Minneapolis

Nearly 1,200 miles away, reckoning has been constant for Floyd family

2021-05-24 23:34:44 –

More George Floyd coverage

HOUSTON – They still come here, as if making a pilgrimage to history.

Bianca Williams regularly sees the well-wishers stop to take pictures at the mural of George Floyd that looms over the street where he spent much of his life. There is always someone new, and just past noon on Sunday, it is a pair of traveling nurses from Florida paying their respects.

“That’s my uncle,” Williams tells them. “We’re getting ready for the one-year anniversary.”

The women ask her to pose for a photo. “Give me a hug — oh my God,” says one of the nurses, Alvina McThenney, and the strangers embrace like dear friends. “One more picture?”

Those closest to Floyd have confronted an agonizing loss since May 25, 2020, when bystanders outside a south Minneapolis convenience store filmed police officer Derek Chauvin kneeling on Floyd until he died.

Nearly 1,200 miles away, Floyd’s hometown circle weighs the grief that he suffered, a torture that no human should endure, against the faith that his death inspired a lasting movement for racial justice.

For Floyd’s loved ones, that reckoning has been constant. Williams, 27, has just been reflecting on how her family survived hell. Exchanges like these from Floyd’s supporters give her hope about the compassion and awakening that followed.

◊ ◊ ◊

“Have you seen the video?”

It is the morning of May 26, 2020, and Williams’ sister is calling. Williams doesn’t know what is going on. She panics.

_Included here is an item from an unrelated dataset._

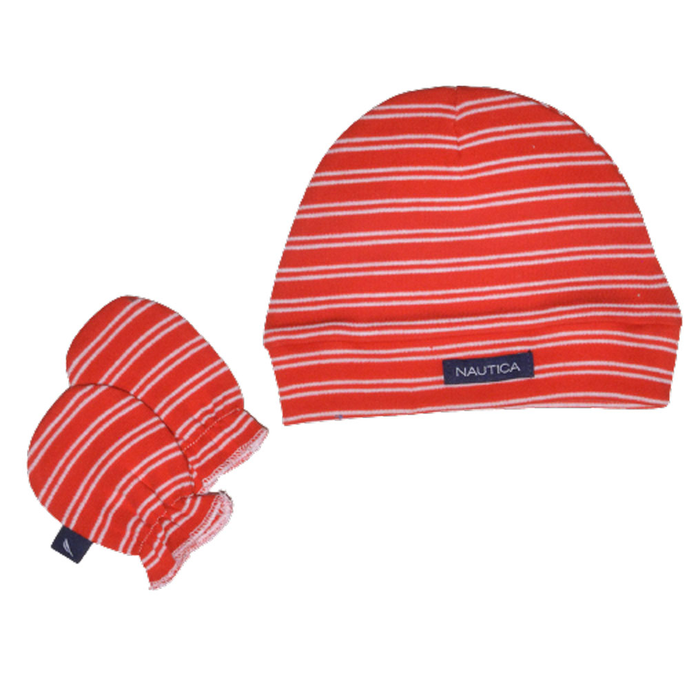 Βρεφικό σετ για νεογέννητο από την εταιρεία Nautica. Είναι σε κόκκινο χρώμα με λευκό ριγέ σχέδιο. Το ύφασμά τους είναι Jersey από 100% οργανικό βαμβάκι πενιέ με πιστοποίηση Oekotex που εγγυάται ότι τα υφάσματα δεν έχουν επιβλαβείς. πολυεστέρας. Το σετ αποτελείται από βρεφικά γαντάκια και σκουφάκι κατάλληλα για βρέφη από 0 έως 1 μηνών. Σε συσκευασία σακούλα.

“You got my stomach in my shoes, now what is it?” Williams presses. “Tell me.”

Her sister says that Floyd is dead. Williams drops to the ground. She weeps. She doesn’t watch the video. She does go to see her mother, Floyd’s oldest sister, Zsa Zsa, and his second oldest sister, LaTonya. The women have already heard; they seclude themselves in a room, afraid that stepping outside will make Floyd’s killing real.

Williams comforts them as best as she can but knows their anguish is beyond her understanding.

She grew up in this city’s Third Ward in the same house as Floyd. Without her own dad, she considered Floyd almost a father. He walked Williams to school, bought her new shoes with the little money he had and cheered at her basketball games, encouraging her to be aggressive on the court.

As Floyd’s death triggers worldwide demonstrations against police killings of Black people, Williams tends to her newborn son, Amir. Born a month before, he will join the next generation of Black boys and men that could benefit from the activism inspired by his great-uncle. Williams also has a 4-year-old daughter, Arianna.

“Kiss Ari for me,” Floyd said the last time they talked.

She tells her daughter that Floyd is in a better place. Williams never explains that police took his life.

◊ ◊ ◊

Family and friends must soon sort out what roles to take on as the world looks to them to make sense of Floyd’s life, death and legacy. Within weeks, younger brother Philonise Floyd — one of the six siblings — becomes an advocate for police reform. He testifies to Congress: “I’m here today to ask you to make it stop.”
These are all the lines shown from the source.